Which way will energy costs go? How will climate change affect global production of essential food commodities? Are production climate patterns and global trade flows undergoing a fundamental shift? Will requests for ESG practices increase costs to the consumer? How quickly can we use science intelligently to increase global productivity and still sustain, enhance, and protect our planet’s air, soil and water?

In our modern interdependent world, uncertainty translates into risk – especially economic risk. Uncertainty creates a constant upward pressure on prices, regardless of the goods or commodities involved

The Big Question: Cost or Investment?

The uncertainties hanging over the global food system seem daunting. And they are. But they aren’t insurmountable, and history suggests our food system has always remained flexible and agile. It continues to remain healthy overall and fully capable of meeting our rising food needs. But the price we pay for that food security may be changing. Higher food costs may be the fuel needed to keep the productive engine running.

Those in the food supply chain, from dirt to dinner, have been challenged over food costs – and rising profit reports – make several points about the future and the past. Reckless claims of “greed’ and “profiteering” ignore the fact that past food prices have been an exceptionally good bargain for consumers, they contend.

food cost, What’s Keeping Food Costs So High?

Also, increases in wages and salaries have helped offset – and in many years exceeded – the rate of food inflation. The latest data from BLS suggests a growing convergence of the rate of increase in food costs and average wages.

Furthermore, the sector continues to promote sales and promotions that eat into margins, while significant investments in new and better equipment and systems are needed every day.

Double-digit annual price increases are painful, especially following two decades of retail food price inflation that averaged just 2 percent per year. But smart shopping is still an important way to ease the pain.

food cost, What’s Keeping Food Costs So High?

Economists in the public and private sectors say the inflation rates should continue to drop. But a return to the 2 percent level of increase may not, and certainly not in the short term. As ERS put it in their Food Price Outlook for 2023:

Food prices are expected to grow more slowly in 2023 than in 2022 but still at above-historical average rates. 

In 2023, all food prices are predicted to increase by 7.5 percent, with a prediction interval of 5.5 to 9.6 percent. Food-at-home prices are predicted to increase by 7.8 percent, with a prediction interval of 5.3 to 10.5 percent. Food-away-from-home prices are predicted to increase by 8.3 percent, with a prediction interval of 7.2 to 9.3 percent.
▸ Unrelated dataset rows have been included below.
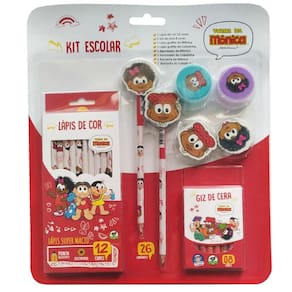 Contém - 01 und - lápis de cor turma da mônica 12 cores 01 und - caixa de giz de cera 8 cores 02 und - lápis grafite 02 und - apontadores redondos. 04 und - borrachas. Enviamos modelos personalizado com vários personagens da turminha mais querida. Kit escolar completo ideal para crianças. O lápis de cor de 12 cores é fabricado em resina plástica, contém corpo confortável e pontas resistentes que não quebram facilmente. É ideal para ser utilizado em projetos artísticos e por estudantes de várias idades. Composição: isenta de pvc; carga inerte e pigmentos atóxicos. Dimensões aproximadas da embalagem a x l: 32 cm x 27 cm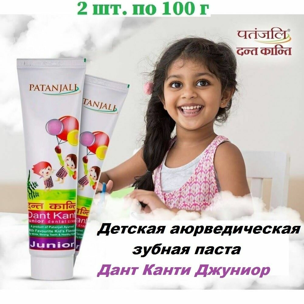 Детская зубная паста Patanjali Dant Kanti Junior,натуральная,укрепление десен,защита полости рта, 2 штуки по 100 г. информация:
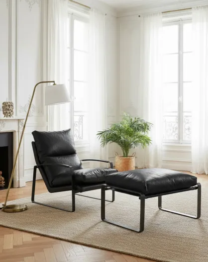 Damo black pouf Leather Noir - 68x46x35 cm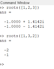 그리고 roots()의 괄호 안에 행렬의 이름을 넣었습니다.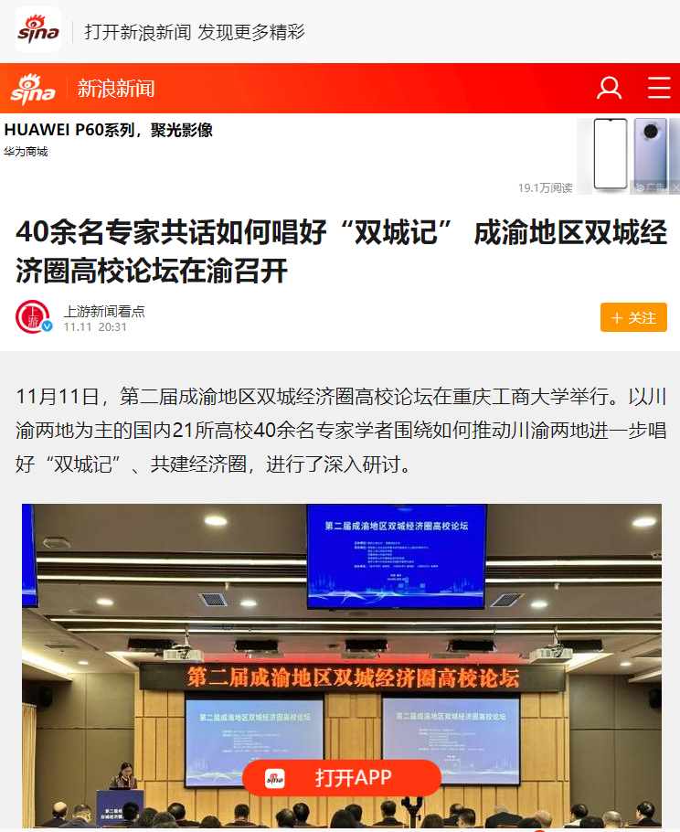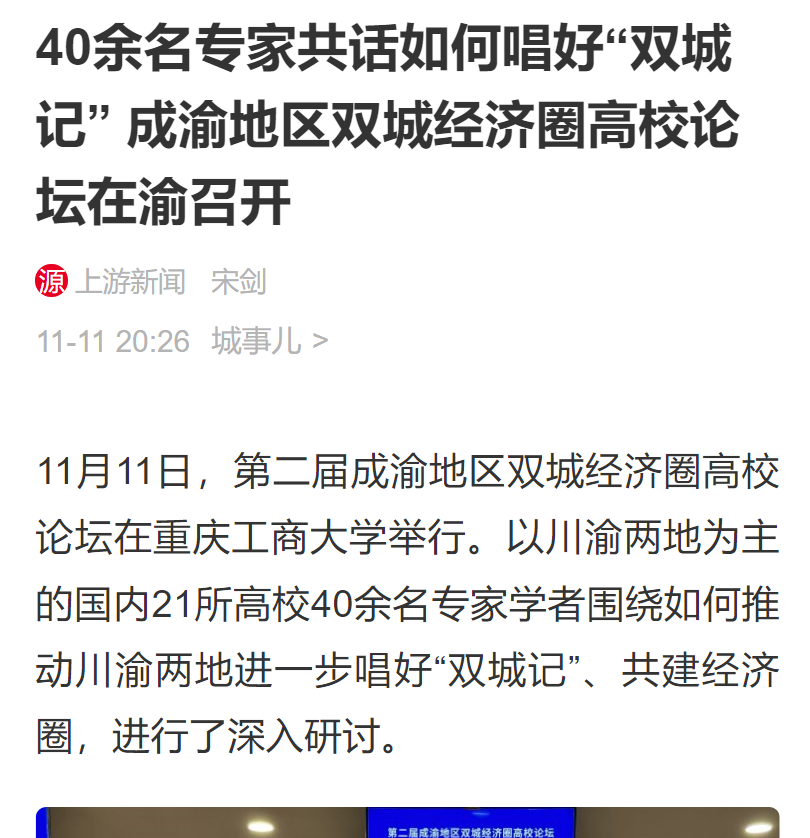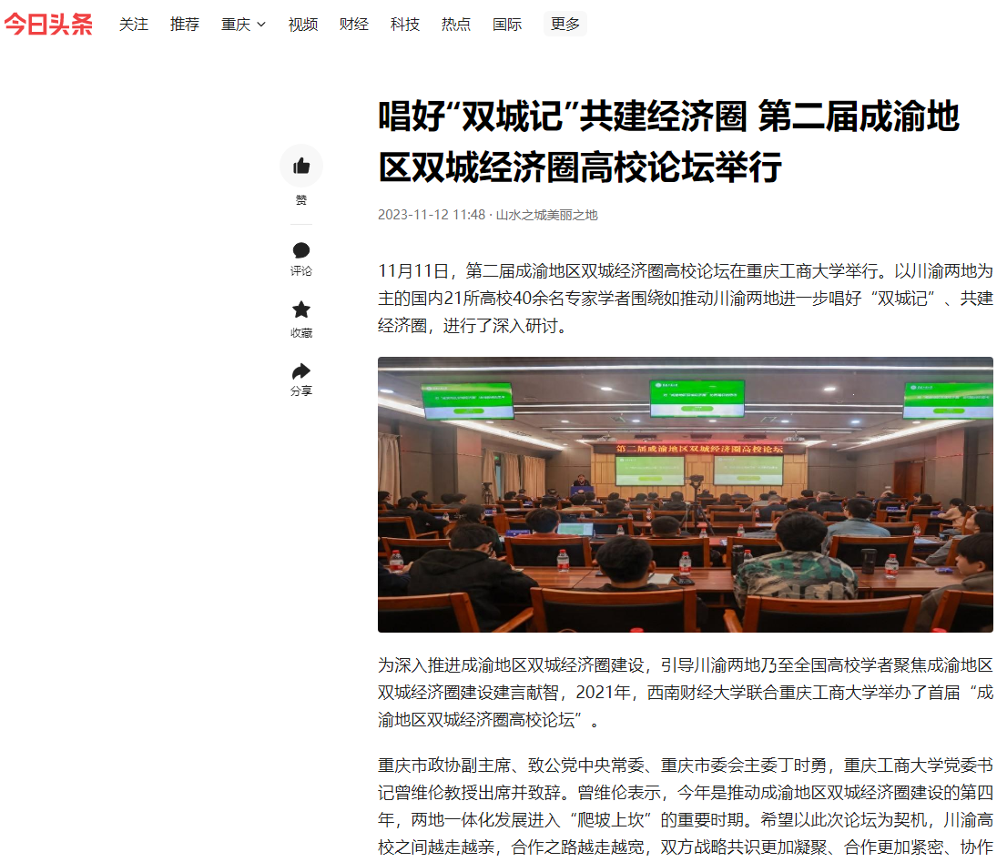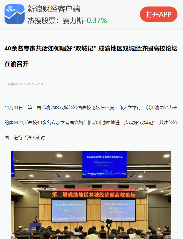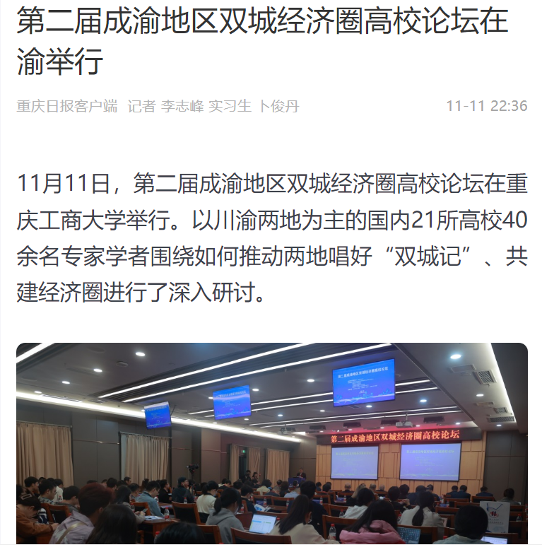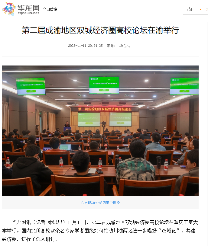 11月11日,由pp电子平台官网入口、西南财经大学主办,教育部人文社会科学重点研究基地长江上游经济研究中心、pp电子平台官网入口经济学院等单位联合承办的第二届成渝地区双城经济圈高校论坛在pp电子举办。重庆日报客户端、上游新闻、华龙网、今日头条等多家媒体对本次论坛进行了报道。

Business leaders and many economists argue that higher earnings mean we can continue to develop our food system to meet the changing expectations of consumers, for more variety, convenience, healthy options, environmental protections, fair and responsible sourcing, and all the other demands of our progressive world.
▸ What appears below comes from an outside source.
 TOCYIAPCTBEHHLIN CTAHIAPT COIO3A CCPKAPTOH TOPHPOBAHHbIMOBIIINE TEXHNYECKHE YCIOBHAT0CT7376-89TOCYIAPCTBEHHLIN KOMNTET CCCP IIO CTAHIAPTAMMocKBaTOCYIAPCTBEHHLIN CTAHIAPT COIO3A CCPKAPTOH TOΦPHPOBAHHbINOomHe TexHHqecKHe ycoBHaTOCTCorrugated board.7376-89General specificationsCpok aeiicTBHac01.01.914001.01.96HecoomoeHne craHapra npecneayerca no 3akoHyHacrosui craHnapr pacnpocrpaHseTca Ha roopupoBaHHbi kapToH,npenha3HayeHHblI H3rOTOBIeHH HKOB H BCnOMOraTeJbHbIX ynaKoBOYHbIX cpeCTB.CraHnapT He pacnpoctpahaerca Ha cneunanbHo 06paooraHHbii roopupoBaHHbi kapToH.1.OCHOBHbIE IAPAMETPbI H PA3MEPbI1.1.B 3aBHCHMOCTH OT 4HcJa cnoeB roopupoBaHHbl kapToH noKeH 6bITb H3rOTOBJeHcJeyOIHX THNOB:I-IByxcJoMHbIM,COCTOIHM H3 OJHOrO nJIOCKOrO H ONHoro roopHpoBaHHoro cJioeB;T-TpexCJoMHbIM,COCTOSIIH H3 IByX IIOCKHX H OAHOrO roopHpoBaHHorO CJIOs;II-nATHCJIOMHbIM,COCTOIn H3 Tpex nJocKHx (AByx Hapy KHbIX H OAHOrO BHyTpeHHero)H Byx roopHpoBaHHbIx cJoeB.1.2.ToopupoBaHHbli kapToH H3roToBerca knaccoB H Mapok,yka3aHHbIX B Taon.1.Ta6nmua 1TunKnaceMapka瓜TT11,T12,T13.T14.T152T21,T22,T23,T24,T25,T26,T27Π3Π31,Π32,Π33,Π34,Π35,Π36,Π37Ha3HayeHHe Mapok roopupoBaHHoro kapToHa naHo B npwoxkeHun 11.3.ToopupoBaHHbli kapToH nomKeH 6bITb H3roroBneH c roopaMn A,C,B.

Furthermore, they point out, consumers by and large have been willing to pay the costs of building and maintaining a food system to meet those expectations.

Government and numerous other private sector reports tend to support this line of argument. Consumers combat higher food costs in a variety of ways – by being more selective in the foods they put on the table, by looking more aggressively for store promotions and sales, by cutting back on spending on out-of-home dining, and by a host of other intelligent responses to higher costs.
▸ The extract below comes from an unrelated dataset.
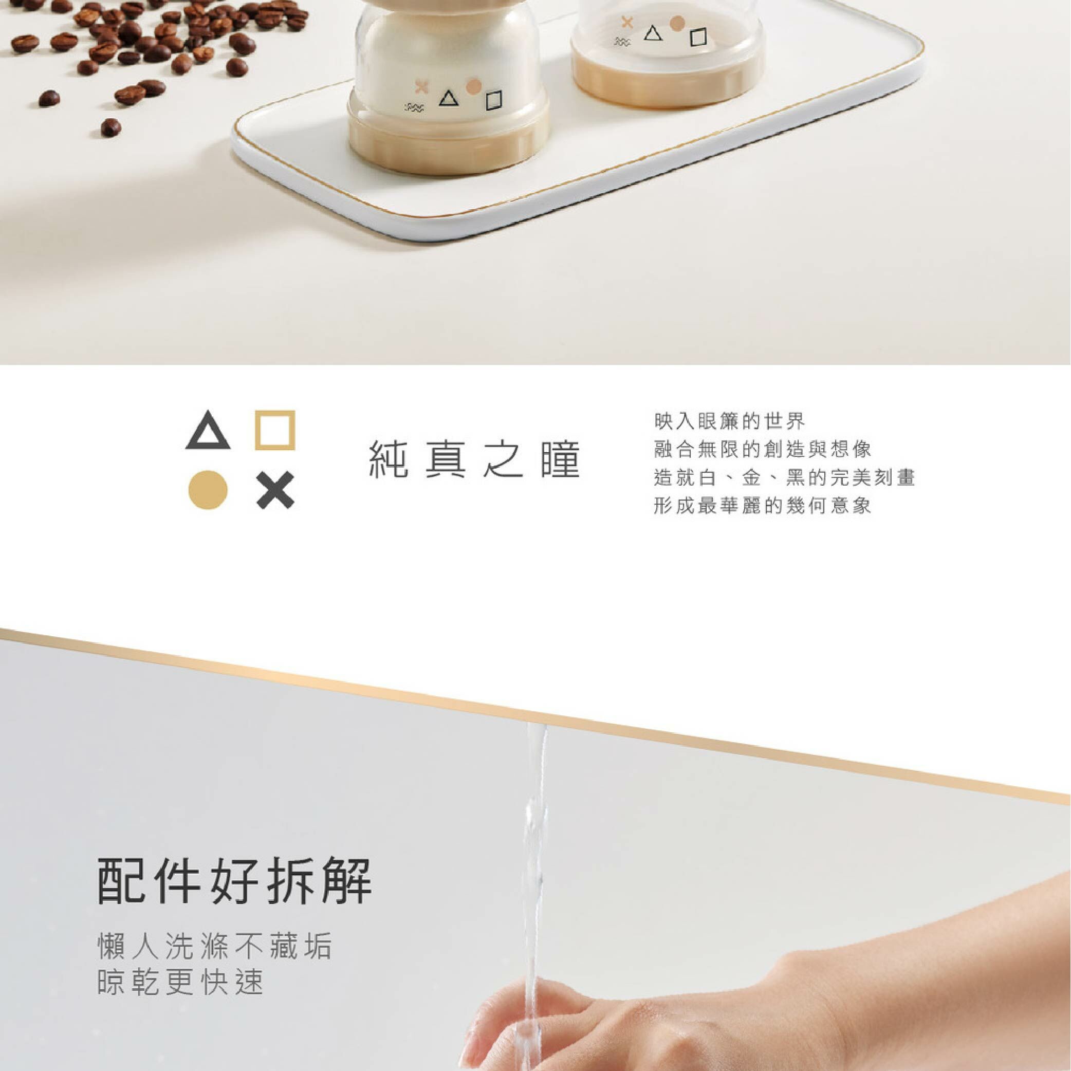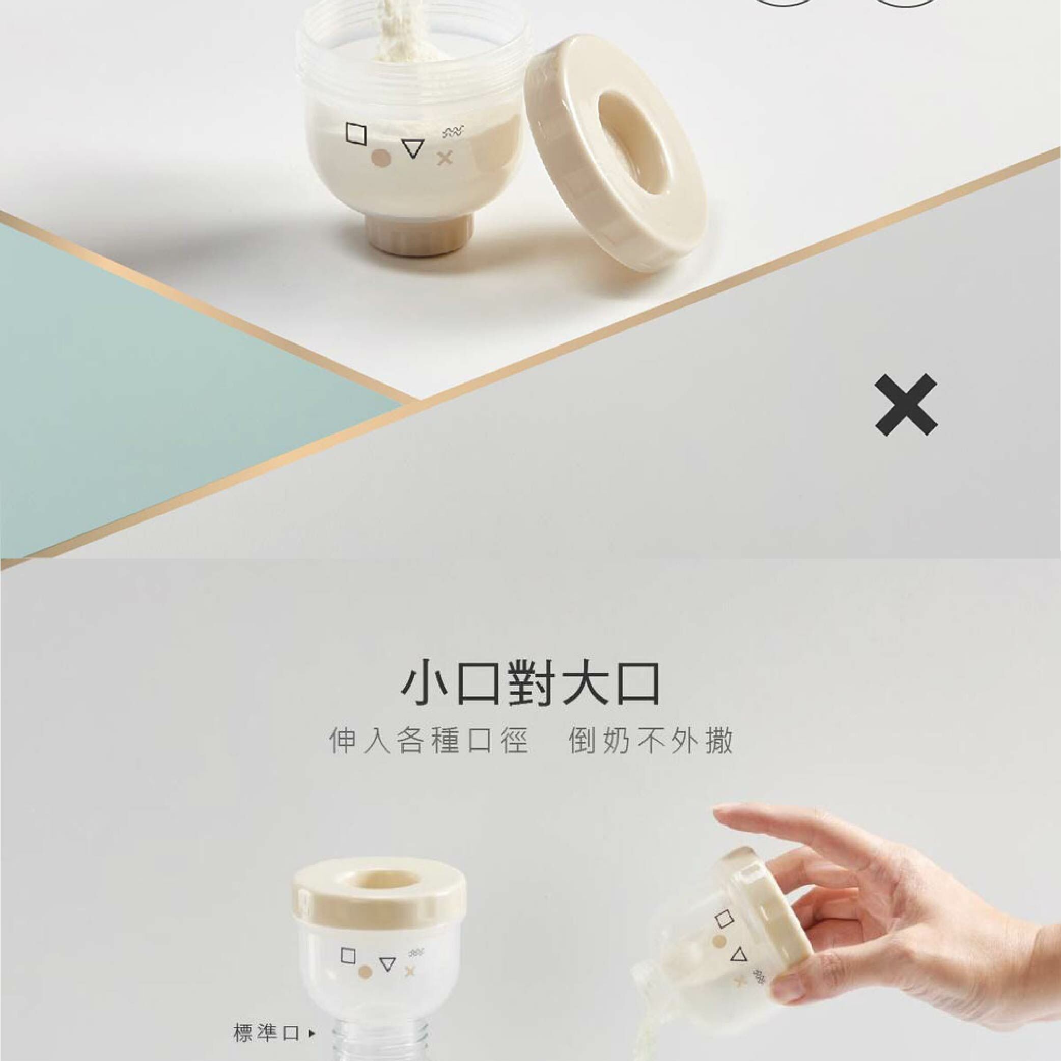 圓滑的漏斗型出口,滑順快速奶粉不殘留,清洗容易。

Despite the continuing upward trend in prices, there’s no apparent imminent rebellion in the streets. Perhaps unconsciously, we as consumers may be coming to realize that higher food prices are as much an investment in our long-term food security as a day-to-day expense.

The Bottom Line

Food price inflation should ease from the painful levels generated by armed conflict, climate change, tightening supply and demand figures, a global pandemic, and a whole host of other uncertainties facing all parts of our food chain.  But higher food costs may be the price we pay for maintaining a food system capable of overcoming all these uncertainties – and more if need be.